Ultrason: Ultrasonograf böbrek kanseri teşhinde kullanılan temel araçlardan biridir.H Hiçbir belirti vermeden rutin ultrason incelemeleri sırasında birçok vaka tespit edilmektedir. Böbrekte görülen  kitle kistik mi yoksa solit (katı) mı olduğunu gösterir (böbrek tümörlerinin katı-solit olma olasılığı daha yüksektir). Farklı ultrason modelleri, bazı iyi huylu ve kötü huylu böbrek tümörü türleri arasındaki farkı anlamasına da yardımcı olabilir.

Anjiyografi: Anjiyografi, böbrek kan damarlarına gösteren bir röntgen testidir. Bu test, bazı hastalar için ameliyatın planlanmasına yardımcı olabilir. Günümüzde anjiyografi, ayrı bir röntgen testi yerine CT veya MRI taramasının bir parçası olarak yapılmaktadır. 

Göğüs röntgeni: Böbrek kanseri teşhisi konulduktan sonra kanserin akciğerlere yayılıp yayılmadığını görmek için bir röntgen çekilebilir. Daha sık olarak, göğüs tomografisi anormal alanları daha iyi görebildiği için yapılabilir.
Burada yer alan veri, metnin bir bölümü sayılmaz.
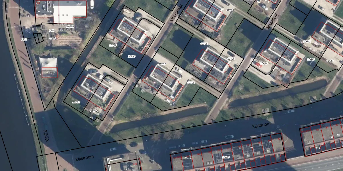 Gebruik de zoekbalk of klik op een perceel voor informatie over de adressen binnen dit perceel.

Kemik taraması: Kemik taraması, bir kanserin kemiklerinize yayılıp yayılmadığını göstermeye yardımcı olabilir. Kana az miktarda düşük seviyeli radyoaktif malzeme enjekte edilir ve esas olarak anormal kemik bölgelerinde toplanır. Kemik ağrısı veya artmış kalsiyum seviyesi gösteren kan testi sonuçları gibi kanserin kemiklere yayılmış olabileceğini düşündürecek bir neden varsa yapılabilir

Böbrek biyopsisi: Diğer kanser türlerinin çoğunun aksine, böbrek tümörlerini teşhis etmek için biyopsilere pek ihtiyaç duyulmaz. Görüntüleme yöntemleri, ameliyat için  yeterli bilgi sağlayabilir. Kesin teşhis, evre ve derecelendirme ameliyat sonrası çıkan parçanın patolojik incelemesinde  ortaya konur. Ancak, görüntüleme yöntemleri ile elde edilen bilgiler böbrek kanseri tanısı için kuşkulu veya yetersiz ise, kanser olabileceği düşünülen bölgeden bölgeden küçük bir doku örneği alınabilir. Veya böbrek kanserinin başka bölgelere yayılmış olabileceğini düşündüğü durumlarda, böbrek yerine metastatik bölgeden biyopsi yapılabilir. yada ameliyat ve tedavi düşünülmeyen küçük tümörlerde veya diğer minimal invaziv (radyofrekans ve kriyoterapi) tedaviler düşünüldüğünde kanseri doğrulamak için de biyopsi yapılabilir. İnce iğne aspirasyonu (İİAB) ve iğne-cor biyopsisi olmak üzere tercih edilebilecek 2 tür böbrek biyopsisi vardır. Kitlenin durumuna göre hangi tür biyopsi yönteminin kullanılacağına karar verilir. Lokal anestezi altında ve tomografi veya ultrason kılavuzluğunda yapılmaktadır.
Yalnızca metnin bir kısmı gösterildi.